Starting with the line below that holds "- 🌺 𝐔𝐩𝐠𝐫𝐚𝐝𝐞𝐝" and stopping after the line that holds "- A spacious", transcribe the lines exactly, leaving out all pictures.

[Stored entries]
______________________________
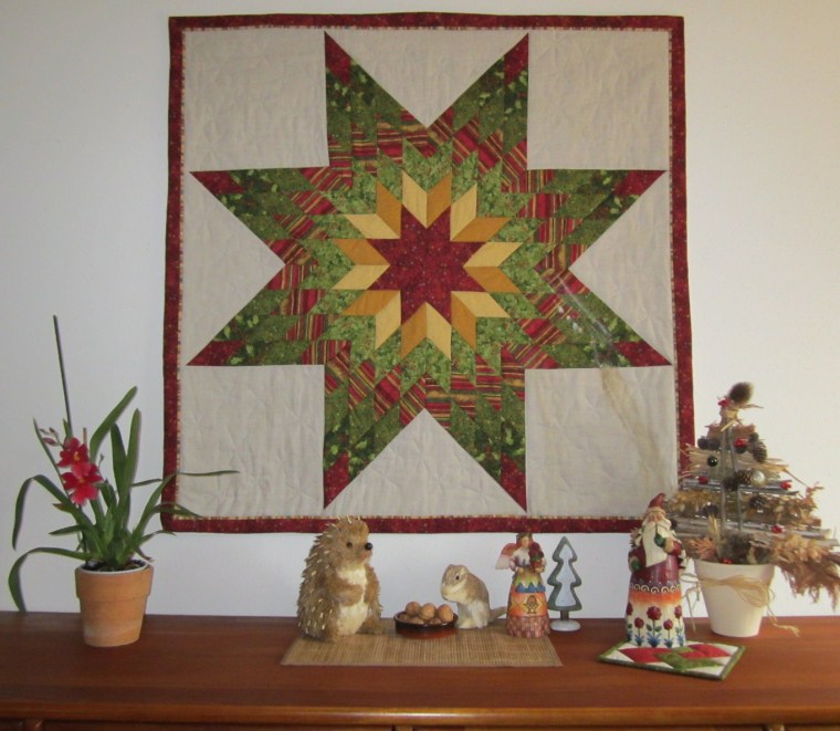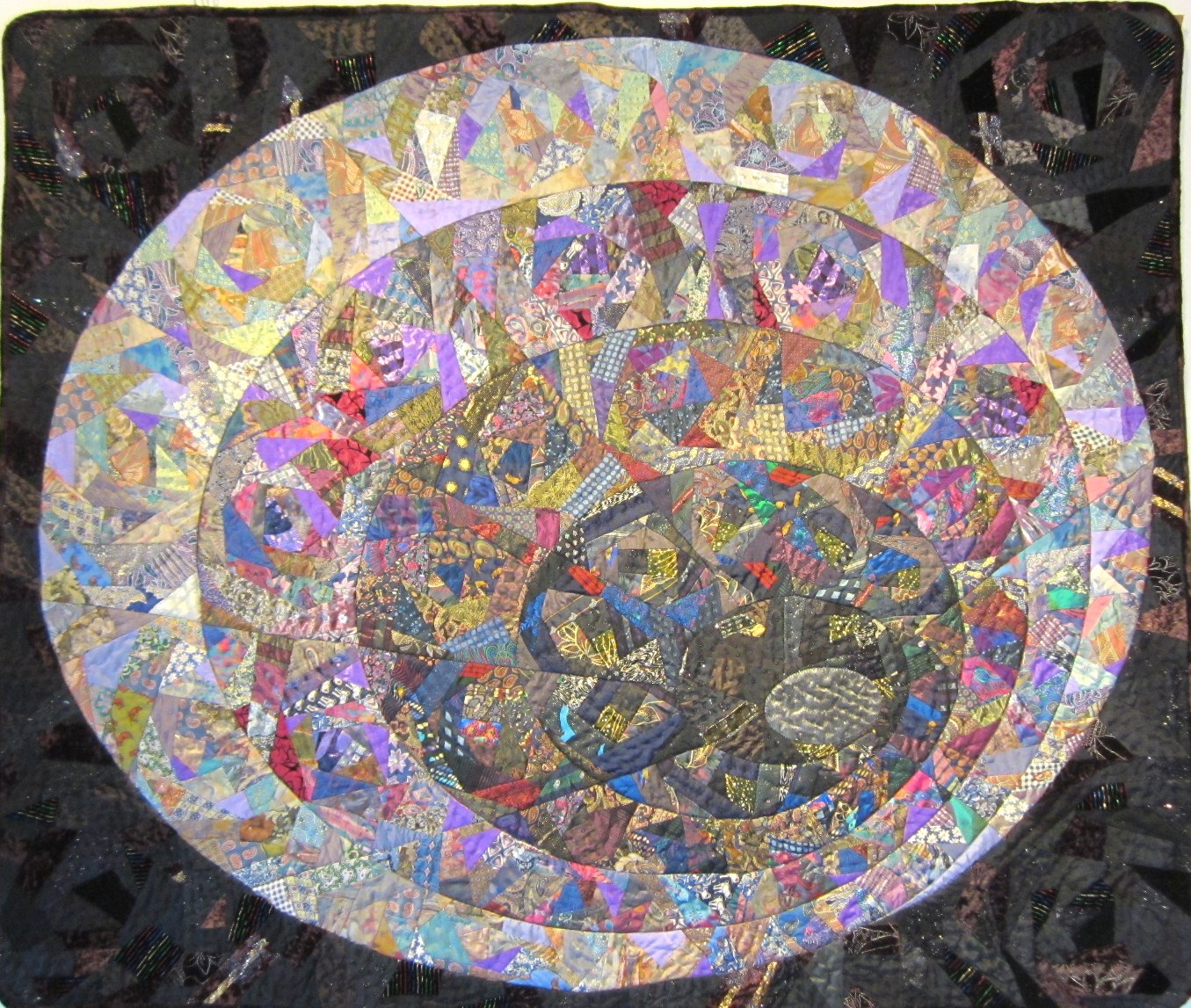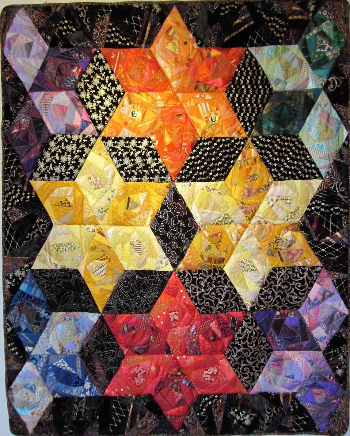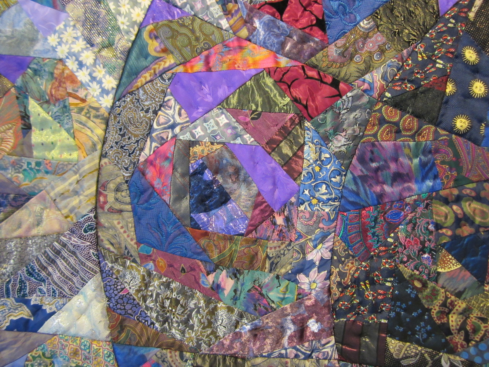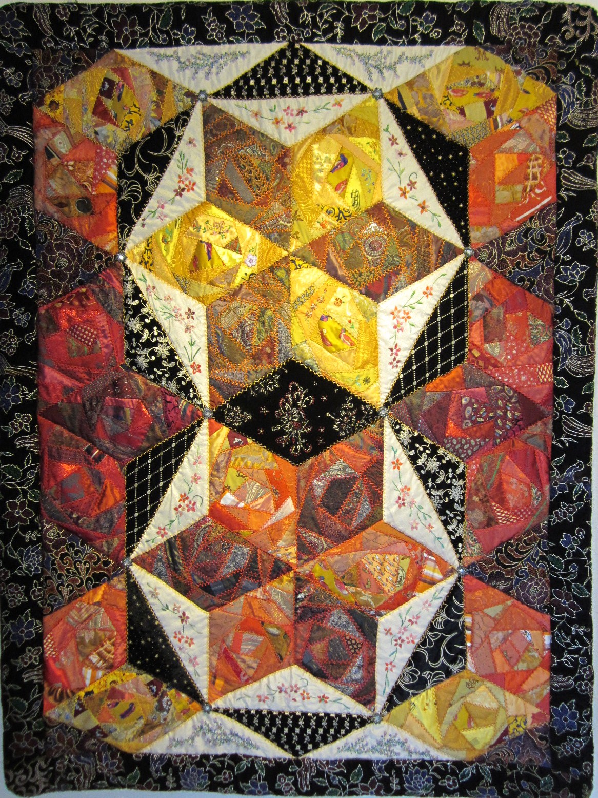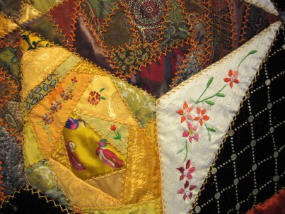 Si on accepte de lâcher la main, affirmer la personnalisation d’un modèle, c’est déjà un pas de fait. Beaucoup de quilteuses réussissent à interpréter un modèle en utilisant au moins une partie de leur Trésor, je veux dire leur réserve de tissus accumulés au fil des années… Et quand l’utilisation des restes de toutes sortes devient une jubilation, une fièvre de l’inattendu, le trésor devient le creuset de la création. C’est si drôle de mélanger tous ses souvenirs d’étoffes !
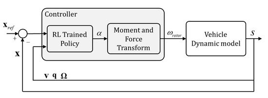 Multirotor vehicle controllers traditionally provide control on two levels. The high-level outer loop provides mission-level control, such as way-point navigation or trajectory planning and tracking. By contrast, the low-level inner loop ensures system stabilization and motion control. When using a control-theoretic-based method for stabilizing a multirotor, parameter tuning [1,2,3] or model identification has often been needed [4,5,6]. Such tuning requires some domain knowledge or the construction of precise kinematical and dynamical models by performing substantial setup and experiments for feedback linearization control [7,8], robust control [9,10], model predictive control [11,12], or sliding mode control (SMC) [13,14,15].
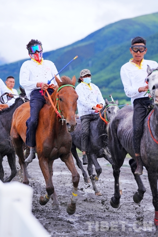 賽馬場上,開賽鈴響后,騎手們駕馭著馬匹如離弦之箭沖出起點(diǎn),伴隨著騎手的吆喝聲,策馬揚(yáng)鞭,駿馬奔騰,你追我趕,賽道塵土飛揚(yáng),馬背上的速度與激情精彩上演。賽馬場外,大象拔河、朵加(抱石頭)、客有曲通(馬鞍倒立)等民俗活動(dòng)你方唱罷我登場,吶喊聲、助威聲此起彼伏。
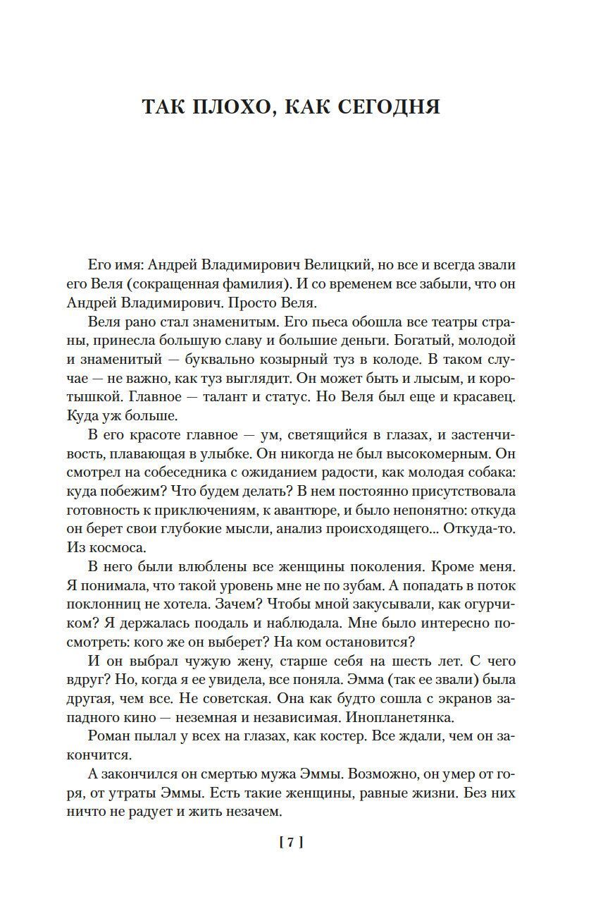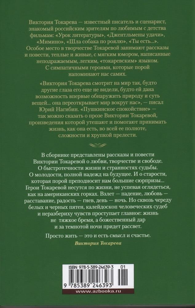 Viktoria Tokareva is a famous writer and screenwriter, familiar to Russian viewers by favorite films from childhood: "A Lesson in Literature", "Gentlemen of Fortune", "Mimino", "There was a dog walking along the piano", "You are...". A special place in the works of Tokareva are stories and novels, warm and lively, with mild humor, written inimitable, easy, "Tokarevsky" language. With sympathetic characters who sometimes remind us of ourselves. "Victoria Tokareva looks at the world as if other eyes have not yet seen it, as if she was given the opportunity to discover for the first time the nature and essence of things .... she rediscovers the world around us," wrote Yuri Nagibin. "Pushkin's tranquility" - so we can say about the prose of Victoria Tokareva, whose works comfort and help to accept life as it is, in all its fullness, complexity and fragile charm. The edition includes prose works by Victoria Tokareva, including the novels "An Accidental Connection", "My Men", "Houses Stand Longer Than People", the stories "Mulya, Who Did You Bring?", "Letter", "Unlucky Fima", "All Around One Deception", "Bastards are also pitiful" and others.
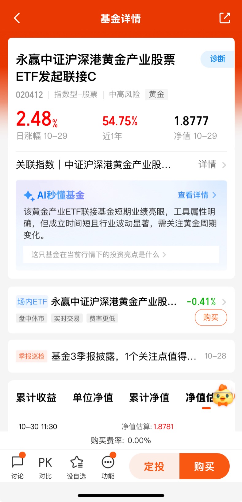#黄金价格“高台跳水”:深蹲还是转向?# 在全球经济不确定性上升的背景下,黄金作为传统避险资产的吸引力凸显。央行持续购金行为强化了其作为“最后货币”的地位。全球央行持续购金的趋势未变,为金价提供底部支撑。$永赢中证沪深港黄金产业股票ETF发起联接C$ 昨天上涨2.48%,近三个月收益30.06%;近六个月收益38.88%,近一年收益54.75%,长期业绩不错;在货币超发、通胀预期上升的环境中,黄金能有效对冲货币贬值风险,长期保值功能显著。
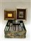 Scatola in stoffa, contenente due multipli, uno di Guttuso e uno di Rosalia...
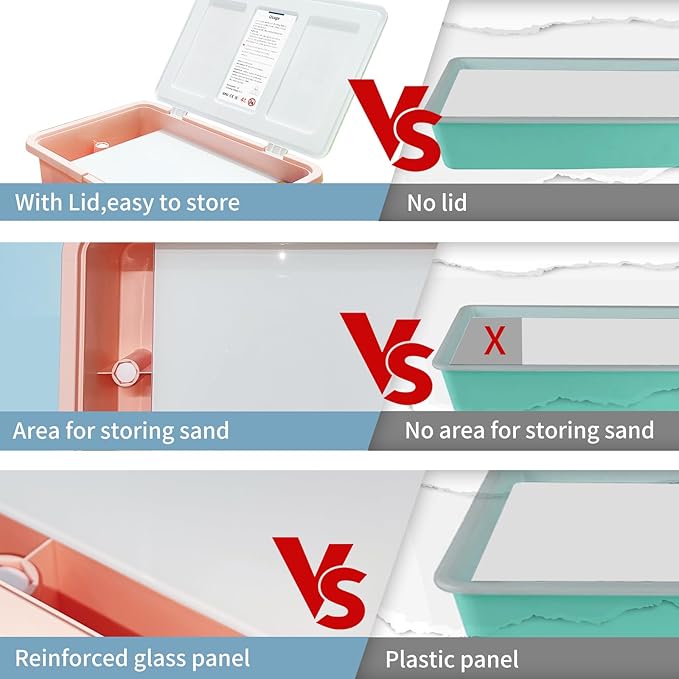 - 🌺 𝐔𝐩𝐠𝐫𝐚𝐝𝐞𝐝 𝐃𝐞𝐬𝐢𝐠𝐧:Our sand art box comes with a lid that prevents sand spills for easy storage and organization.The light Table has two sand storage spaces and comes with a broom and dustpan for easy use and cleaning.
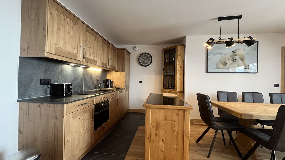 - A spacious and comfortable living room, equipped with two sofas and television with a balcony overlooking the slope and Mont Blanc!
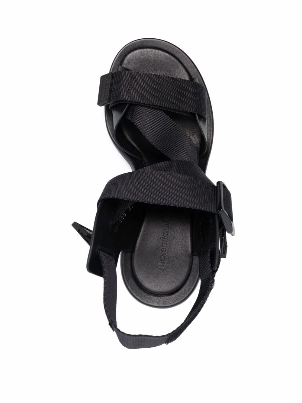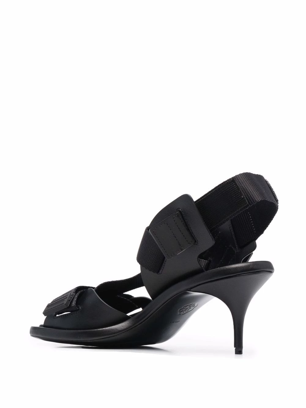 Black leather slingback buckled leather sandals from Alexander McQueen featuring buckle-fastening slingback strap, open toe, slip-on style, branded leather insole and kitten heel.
______________________________
### [Response box]
 - 🌺 𝐔𝐩𝐠𝐫𝐚𝐝𝐞𝐝 𝐃𝐞𝐬𝐢𝐠𝐧:Our sand art box comes with a lid that prevents sand spills for easy storage and organization.The light Table has two sand storage spaces and comes with a broom and dustpan for easy use and cleaning.
 - A spacious and comfortable living room, equipped with two sofas and television with a balcony overlooking the slope and Mont Blanc!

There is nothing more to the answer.